声に気付き、小春は立ち上がり笑顔でやってくる。


置いていかれたユウジは一瞬寂しそうな顔をするが、


ちらりとこちらをみて、ため息をつく。


邪魔しちゃたなぁ…。


「どないしたの、蔵リン?」


きゃぴきゃぴとした声はまるで女子のよう。


「……すまん!数学のノート貸してくれへん!?」


顔の前で手を合わせ、懇願。


「あら、残念。今日は数学ないねん。」


ま さ か の !


あかん、予想外やった。


どないしよ、他に借りるやつは……。


「俺、持ってるで。

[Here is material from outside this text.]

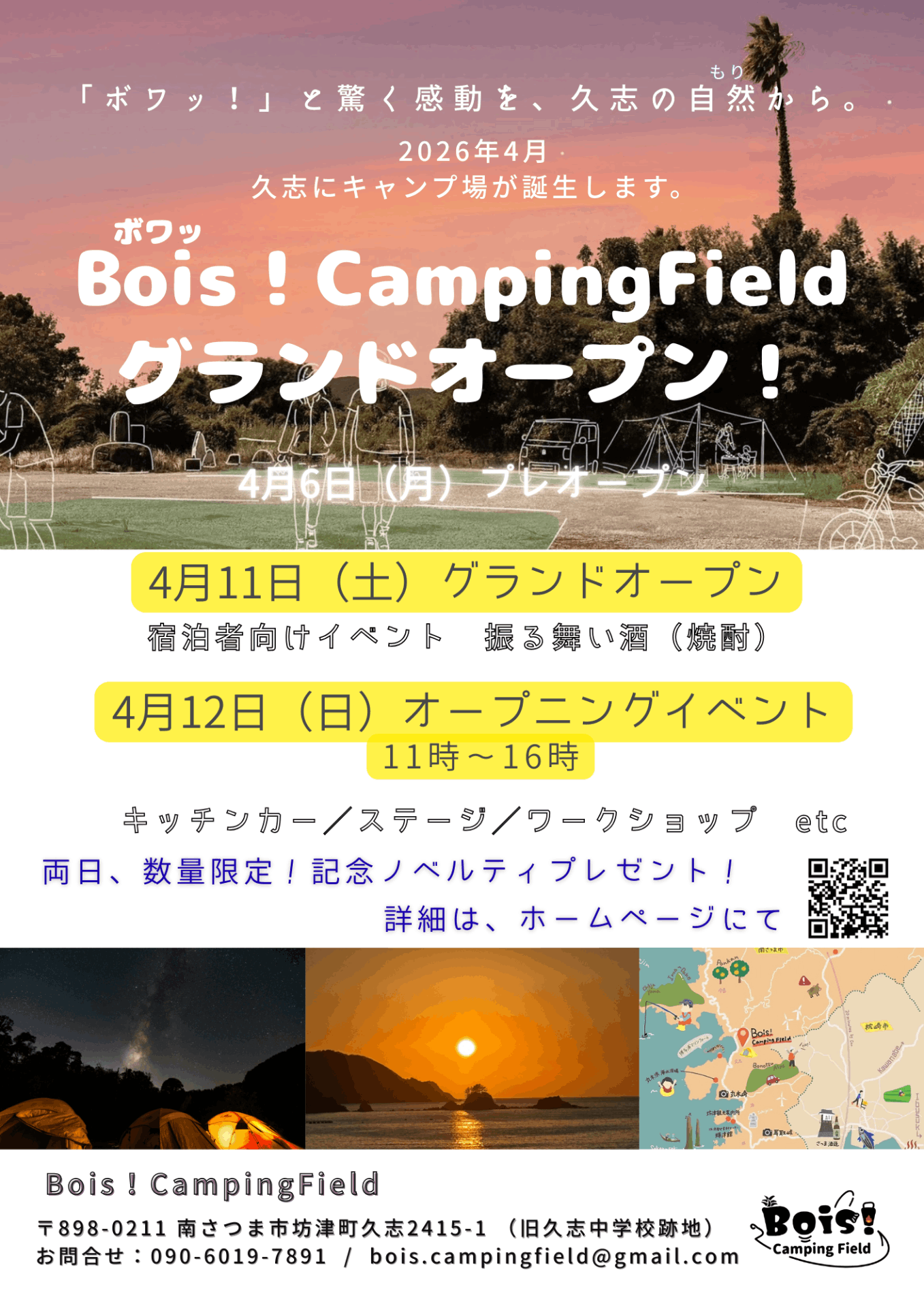 今後のキャンプ場オープンスケジュールは下記の通りです。
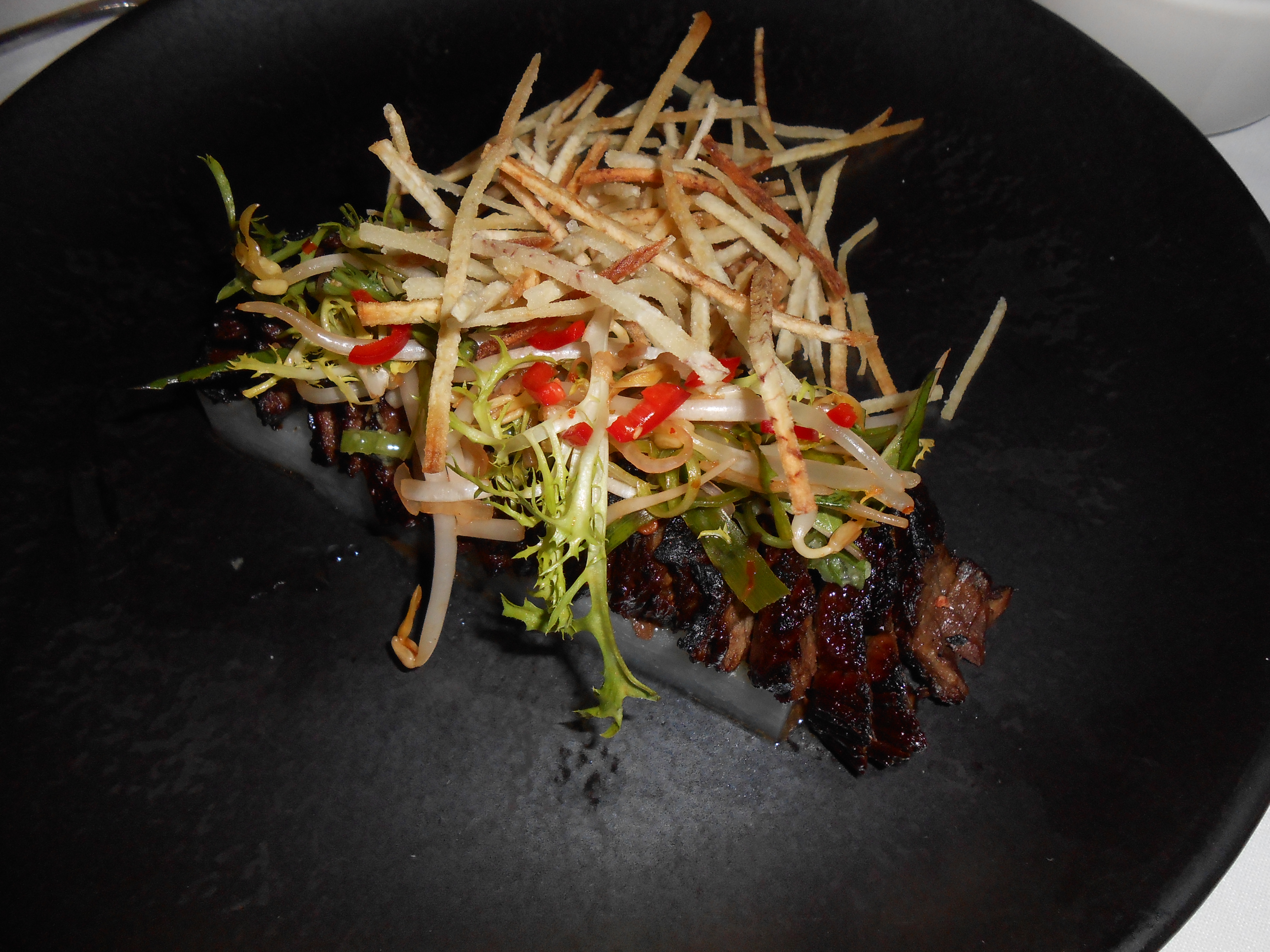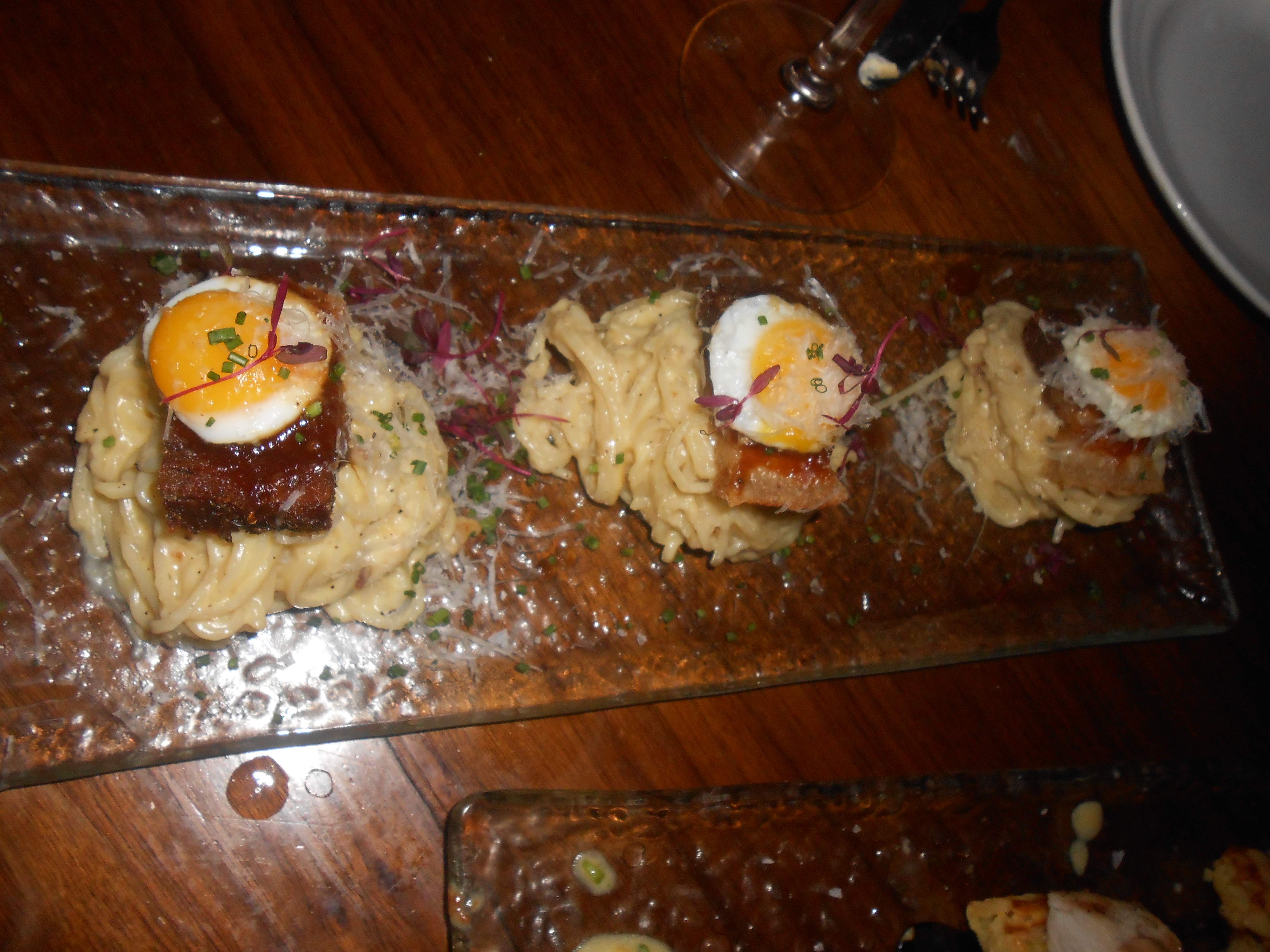 I indulged at Lower East Side restaurant hot spot, Stanton Social, getting to try many of the specialty treats, by sharing the small plates. I started off with a non-alcoholic sweet crushed strawberry drink, with a rind of orange. It tasted fruity and delicious. The strawberries at the bottom were a nice touch.

」


バッ!


大きく大袈裟に顔を上げると、ついさっきため息をつかれたユウジが立っていた。


「ユウくん、今日は数学ないんとちゃうん?」


「置き勉してんねん。」


いつもだったら、怒るとこやけど、今日はありがたい!


「か、貸してくれるか!?」


「おん」


手渡されたノートを大切に抱き締める。


「おおきに!」


*


「次、白石。」


田中、心配すな。


宿題、やってきたで!


ユウジが。


ノートを開き、教科書のページを確認。


ノートを……。


なんやこれ。


ノートには落書きだらけ。

小春、と所々に書かれてるだけで後は答えだけの書く意味がないノート。


「どうした?」


ドキリ。


田中の声が痛い。


「すみません、忘れました。」


「は、さっきまでどや顔でノートめくっとったやろ!」


「……ほんますみません!」


予想外すぎるやろ、あいつ真面目に授業受けてんのか!


ノートにでっかく豆腐の角に頭ぶつけて死ね!、と書いてやった。